How much does Clay cost for a B2B startup?

Plan on $800 to $1,800 per month all-in for a Series A or B program enriching 3,000 to 5,000 contacts a month. The subscription itself is $349 to $800. The rest is provider credits and verification. If you spend less than that, you are probably under-enriching. If you spend more, the waterfall is misconfigured.

Is Clay better than ZoomInfo?

For under 50,000 contacts a year, Clay beats ZoomInfo on cost by 3 to 5x and matches or exceeds it on data freshness. Above that volume, ZoomInfo's flat-rate pricing starts to look reasonable. ZoomInfo also wins on intent data, which Clay does not natively provide. I have written a longer comparison in the CRM data enrichment guide.
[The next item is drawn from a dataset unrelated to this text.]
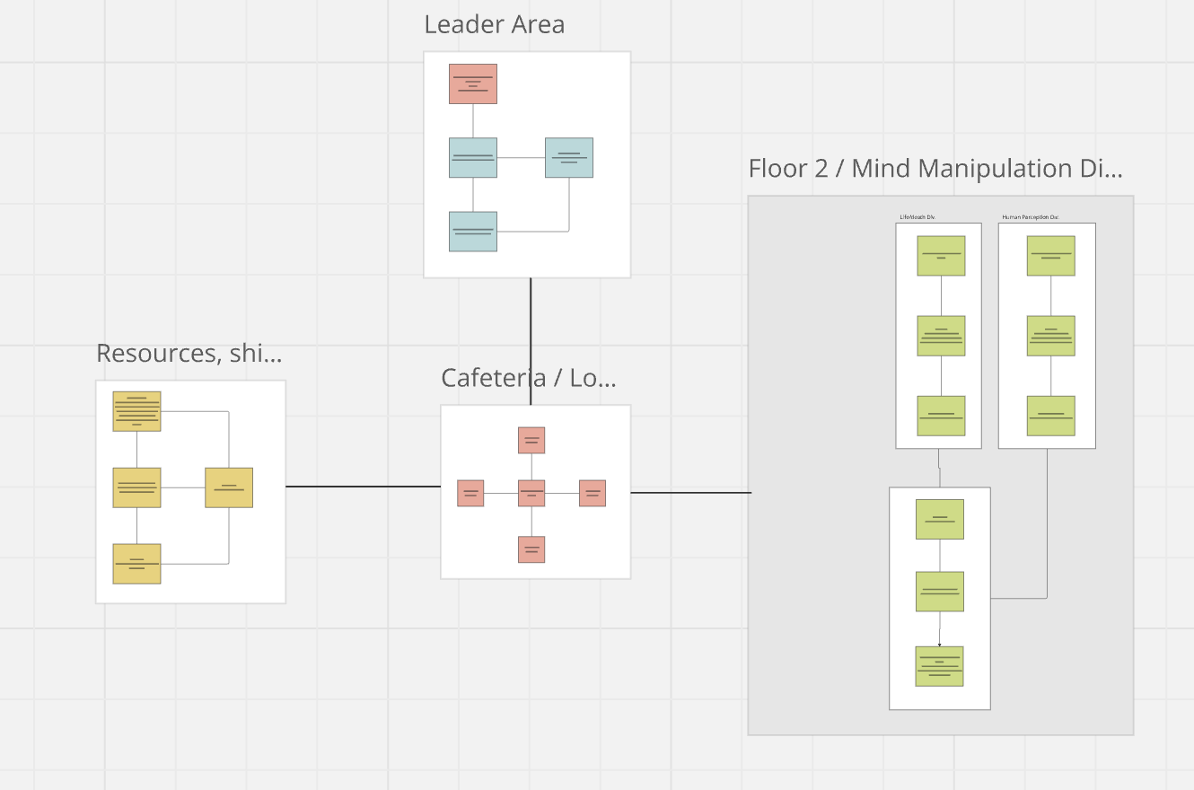 Normally people make maps based on space. What a lame system. Since I just wanted plot out what places exist in our game and how they're connected, a while ago I graphed the areas and their connections. This week, I revisted that graph, and am in the process of updating it.
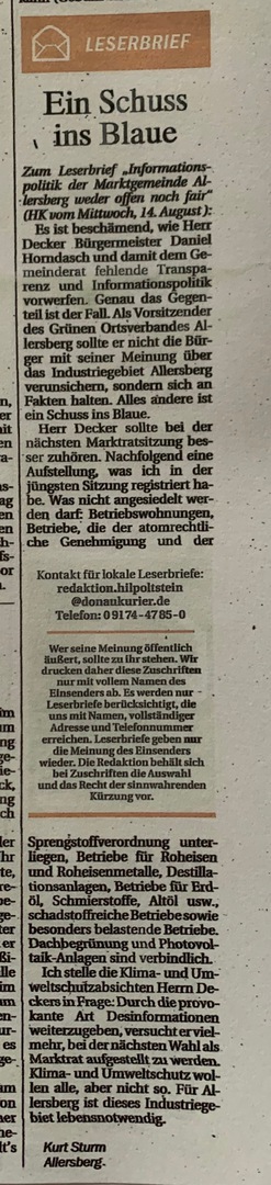 Da ich 43 Jahre in einem umweltschützenden Betrieb gearbeitet habe, und mich die Komunalpolitik Allersberg sehr interessiert, stelle ich Ihre Klima- und Umweltschutzabsichten in Frage. Durch Ihre provokante Art, Desinformationen weiterzugeben, versuchen Sie vielmehr, bei der nächsten Wahl als Marktrat aufgestellt zu werden.

How accurate is Clay's email finding?

Hit rate depends on the ICP, not on Clay. Across US B2B sales personas, a well-designed waterfall hits 65 to 80% verified emails. European technical personas drop to 40 to 55%. Asia-Pacific drops further. Always verify before exporting.

Can Clay replace a CRM?

No. Clay is a workspace, not a system of record. Keep your CRM as the source of truth and push enriched records from Clay into it. Teams that try to live in Clay end up with thousands of stale rows and no audit trail.

How long does it take to learn Clay?

A spreadsheet-comfortable operator can build a basic waterfall in a week. Getting good at column logic, formula columns, and conditional waterfalls takes about a month of daily use. Most teams underestimate the operator hours and end up with a setup nobody can maintain. Budget a real RevOps person, not a marketing intern.